Material for the task START

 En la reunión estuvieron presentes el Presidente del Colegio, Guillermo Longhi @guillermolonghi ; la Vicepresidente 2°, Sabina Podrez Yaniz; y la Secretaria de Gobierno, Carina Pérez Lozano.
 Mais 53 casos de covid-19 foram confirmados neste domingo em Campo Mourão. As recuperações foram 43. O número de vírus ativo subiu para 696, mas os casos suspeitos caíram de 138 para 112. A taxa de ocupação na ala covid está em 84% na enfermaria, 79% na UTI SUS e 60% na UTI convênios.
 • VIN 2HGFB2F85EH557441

Material for the task END
Material for the task START

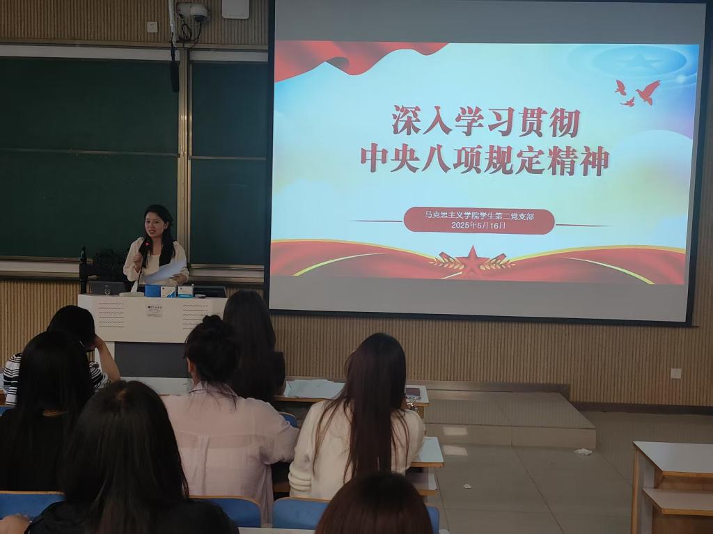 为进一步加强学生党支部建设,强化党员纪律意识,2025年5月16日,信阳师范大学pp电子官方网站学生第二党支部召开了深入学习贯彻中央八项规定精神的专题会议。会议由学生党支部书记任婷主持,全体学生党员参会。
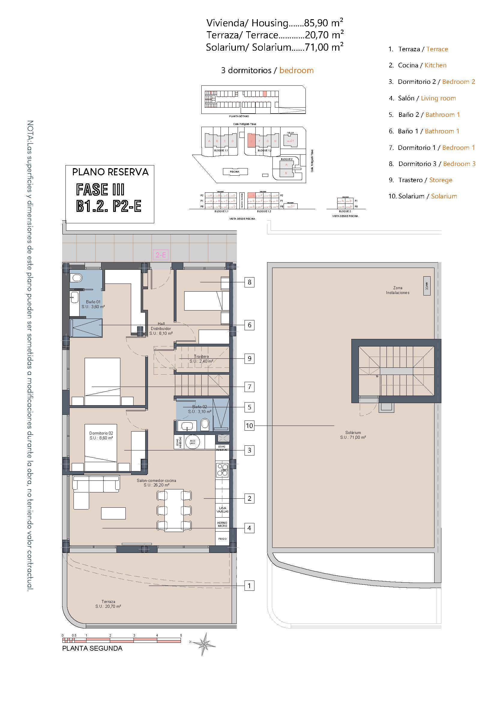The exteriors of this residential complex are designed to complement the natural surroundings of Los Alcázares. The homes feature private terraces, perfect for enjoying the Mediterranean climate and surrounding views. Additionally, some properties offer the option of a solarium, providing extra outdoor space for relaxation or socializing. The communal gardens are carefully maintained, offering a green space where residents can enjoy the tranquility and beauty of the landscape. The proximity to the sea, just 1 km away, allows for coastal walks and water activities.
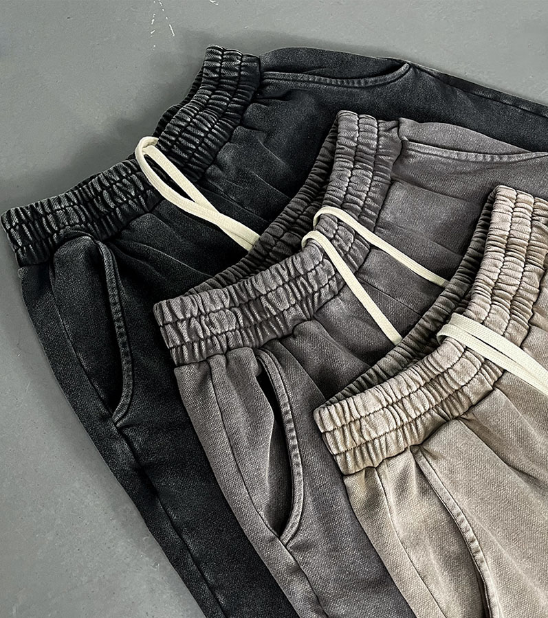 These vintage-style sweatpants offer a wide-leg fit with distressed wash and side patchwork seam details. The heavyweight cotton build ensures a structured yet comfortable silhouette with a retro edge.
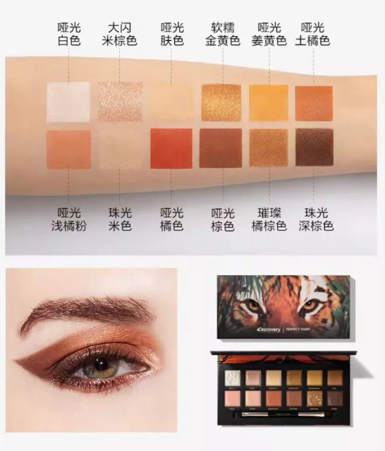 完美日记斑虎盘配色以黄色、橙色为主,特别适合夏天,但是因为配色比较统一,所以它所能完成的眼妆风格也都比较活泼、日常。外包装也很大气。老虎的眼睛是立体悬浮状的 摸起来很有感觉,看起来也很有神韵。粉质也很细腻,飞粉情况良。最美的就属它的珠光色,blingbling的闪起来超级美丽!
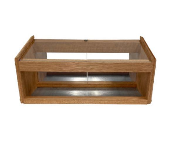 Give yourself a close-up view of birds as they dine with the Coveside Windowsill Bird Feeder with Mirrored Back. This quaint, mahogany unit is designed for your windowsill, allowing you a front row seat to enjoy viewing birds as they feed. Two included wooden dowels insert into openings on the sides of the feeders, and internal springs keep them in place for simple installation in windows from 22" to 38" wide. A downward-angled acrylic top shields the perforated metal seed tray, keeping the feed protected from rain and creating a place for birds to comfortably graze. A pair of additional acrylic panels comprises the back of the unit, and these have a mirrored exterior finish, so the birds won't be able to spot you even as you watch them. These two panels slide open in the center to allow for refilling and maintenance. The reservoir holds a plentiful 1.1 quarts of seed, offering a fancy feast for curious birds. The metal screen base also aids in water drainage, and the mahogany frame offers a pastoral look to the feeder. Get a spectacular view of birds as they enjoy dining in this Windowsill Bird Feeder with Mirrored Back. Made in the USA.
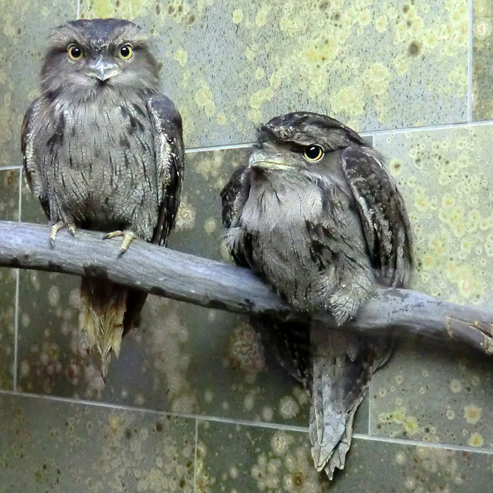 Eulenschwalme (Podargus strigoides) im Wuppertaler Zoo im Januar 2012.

Material for the task END
Material for the task START

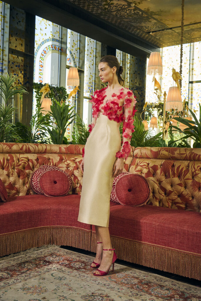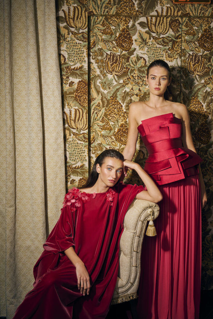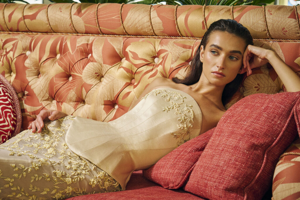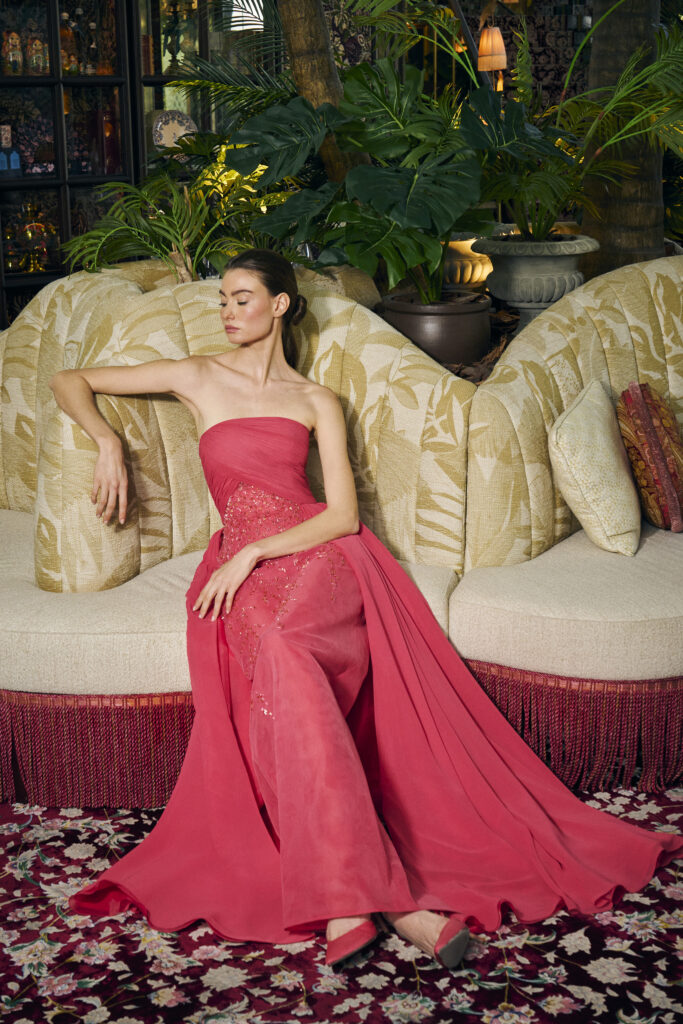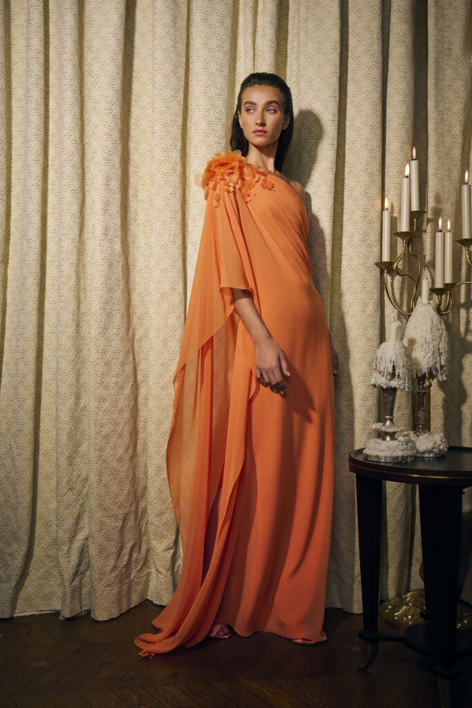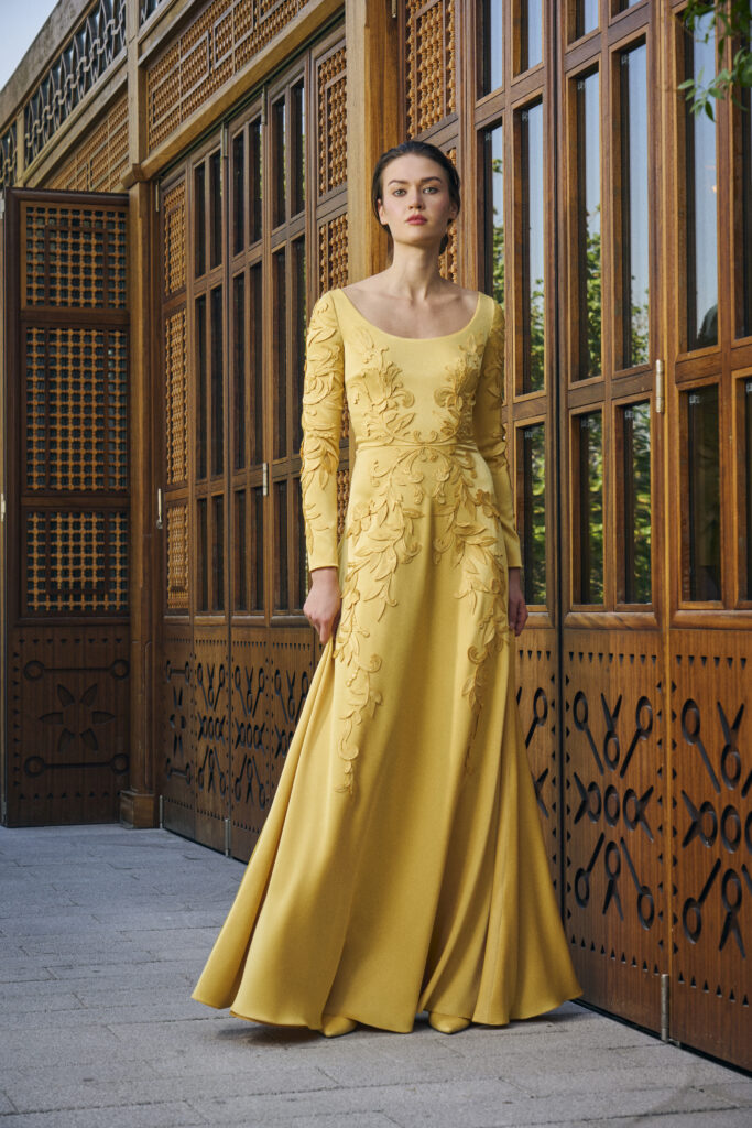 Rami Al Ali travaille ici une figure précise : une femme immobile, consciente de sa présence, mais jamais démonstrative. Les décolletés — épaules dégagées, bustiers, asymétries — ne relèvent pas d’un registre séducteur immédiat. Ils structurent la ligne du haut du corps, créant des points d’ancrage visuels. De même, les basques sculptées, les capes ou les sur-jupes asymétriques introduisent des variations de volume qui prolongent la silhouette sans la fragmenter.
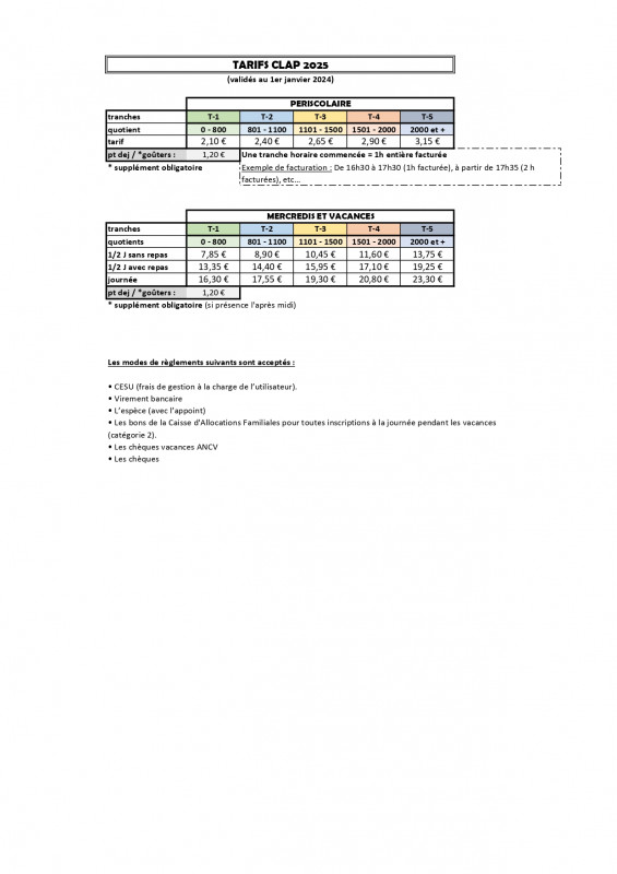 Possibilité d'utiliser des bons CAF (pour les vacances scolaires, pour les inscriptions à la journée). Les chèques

Material for the task END

▶ **Task to carry out**
Using the records above, print exactly the lines between the ones containing "These vintage-style sweatpants" and "完美日记斑虎盘配色以黄色、橙", inclusive, and nothing else; no pictures.

▶ **Exercise response**
 These vintage-style sweatpants offer a wide-leg fit with distressed wash and side patchwork seam details. The heavyweight cotton build ensures a structured yet comfortable silhouette with a retro edge.
 完美日记斑虎盘配色以黄色、橙色为主,特别适合夏天,但是因为配色比较统一,所以它所能完成的眼妆风格也都比较活泼、日常。外包装也很大气。老虎的眼睛是立体悬浮状的 摸起来很有感觉,看起来也很有神韵。粉质也很细腻,飞粉情况良。最美的就属它的珠光色,blingbling的闪起来超级美丽!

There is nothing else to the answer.